World
Bush: Iraqi war may be like Vietnam war
Source: Xinhuanet
10-20-2006 14:39
An Iraqi policeman walks past a burning vehicle at the site of a suicide car bombing in Kirkuk, northeast Iraq on Thursday, Oct.19, 2006. (Xinhua/AFP Photo) |
BEIJING, Oct. 20 (Xinhuanet)-- For the first time, U.S. President George W. Bush has admitted "there could be similarities" between the situation in Iraq and the Vietnam war, according to media reports Friday.
The war in Vietnam lasted some eight years and killed 55,000-plus American lives, while the Iraqi war, since March 2003, has registered an overall death toll of 2,800 and "is expected to shape up more and more deadlier."

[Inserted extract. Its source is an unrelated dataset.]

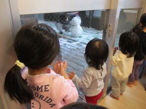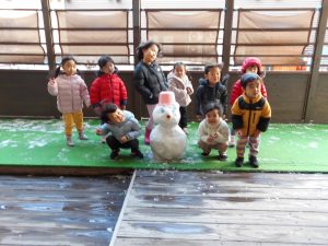 先生に小さな雪だるまを作ってもらって、手のひらに乗せたり ♪

Answering questions if he agreed with an opinion by New York Times columnist Thomas Friedman that the current violence in Iraq is "the jihadist equivalent of the Tet offensive," Bush said, "He could be right."

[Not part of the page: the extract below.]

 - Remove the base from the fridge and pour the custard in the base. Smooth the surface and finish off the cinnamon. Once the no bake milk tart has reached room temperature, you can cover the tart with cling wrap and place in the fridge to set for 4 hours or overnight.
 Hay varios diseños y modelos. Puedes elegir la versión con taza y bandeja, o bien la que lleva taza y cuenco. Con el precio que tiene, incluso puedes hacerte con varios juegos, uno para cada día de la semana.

Moreover, realizing the Tet offensive of 1968 in Vietnam helped turn U.S. public opinion against the war, and currently the Republicans are down in the polls prior to the mid-term elections, Bush said, "There's certainly a stepped-up level of violence, and we're heading into an election."
The White House, in a quick attempt to downplay Bush's words, stressed the president did not mean that was a turning point in the Iraq war as in the Vietnam war.

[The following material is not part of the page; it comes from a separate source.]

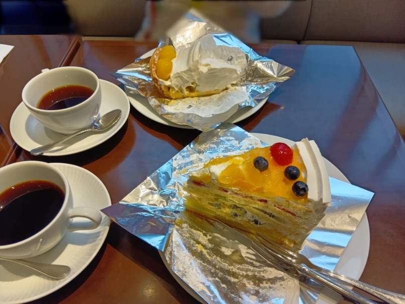おいしいコーヒーを飲みながらケーキを待ちます。

"We don't think that there's been a flip-over point," the President's spokesman told the media. On the contrary, he added, "We're going to continue pursuing victory aggressively."
However, the allusion to the Tet offensive is viewed widely as a real departure for Bush, who hitherto has refused to accept any similarities between Iraq and the war in Vietnam, and also an indicator of how ever more unpopular the war in Iraq has become and how ever more difficult the task has become for the Republicans to keep their control of Congress in the Nov. 7 elections.
According to the latest polls, as high as 35 percent of registered voters planned to vote to express opposition to Bush while just 18 percent said they would support the president in the voting.
There are repeated, multiplying calls, not only from the Democrats, for a phased withdrawal of U.S. troops from Iraq. But the troops seem to remain there for years as Bush said some of the 145,000 deployed in Iraq would still be there when he leaves the White House in January 2009.